India is very much likely to miss its target of doubling its export target to 500 billion U. S. dollars by 2014 with a growth rate of 20 percent as the present going rate was not as expected, a commerce ministry official said Saturday.
Since exports have declined for the fourth consecutive month this year, the commerce ministry is analysing the trend in the exports of various items to the country's major trading partners so that a proactive policy can be framed immediately to give the slowing sector a boost.
A commerce ministry official said, "Though there are challenges in achieving the export target, we will see if a revision of the target is required by the end of this year."
Another official said the country's strength is in service exports and that could aid to offset the impact of any slippage in goods exports and prevent the current account deficit from widening too much.
This year, the highest growth in exports was 10.1 percent reported in January, while July registered the steepest fall at 14. 8 percent due to a demand slowdown in the U.S. and Europe.
A fall in India's exports of engineering goods, petroleum products and gems and jewelry, along with a demand slowdown in the U.S. and Europe, pulled India's exports growth down by 9.7 percent year-on-year to 22.3 billion U.S. dollars in August, compared to 24.7 billion U.S. dollars a year ago. India's exports have dipped continuously in four of the last five months.
During the first five months of the current fiscal, India's imports contracted by 6.2 percent to 191.1 billion U.S. dollars. Gold imports almost halved in the period. Trade deficit during the same time recorded 71.1 billion U.S. dollars.

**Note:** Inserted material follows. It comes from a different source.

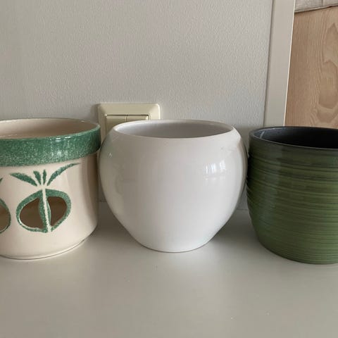 Kummassakin samat mitat: korkeus 12cm, halkaisija 13cm reunasta reunaan. Myydään yhdessä, ei postitusta.

Biswajit Dhar, director-general of Research and Information System for Developing Countries, said, "We need to devise ways of streamlining exports by revisiting the various focused market programmes and a careful examination of where the opportunities are to stimulate exports there," and added that instead of offering more sops, the government should find markets where cost of doing business could be reduced.
According to Ajay Sahai, Director General, Federation of Indian Export Organisations (FIEO), the Eurozone was in crisis and that had impacted the country's exports which were in price sensitive segments.
Incidentally, there are 18 countries whose merchandise imports in 2010 were more than 200 billion U.S. dollars but India's market share in their total exports is a meagre one percent. The exercise initiated is aimed at add in another 50 billion U.S. dollars to the country's exports.
Experts also said that instead of focusing on emerging markets such as Africa and Latin America, the government must increase its exports to the already established economies.
An official said, "The outgo to these countries is huge, but the government is not taking a call on this. In fact, the finance ministry has asked for a report on this immediately."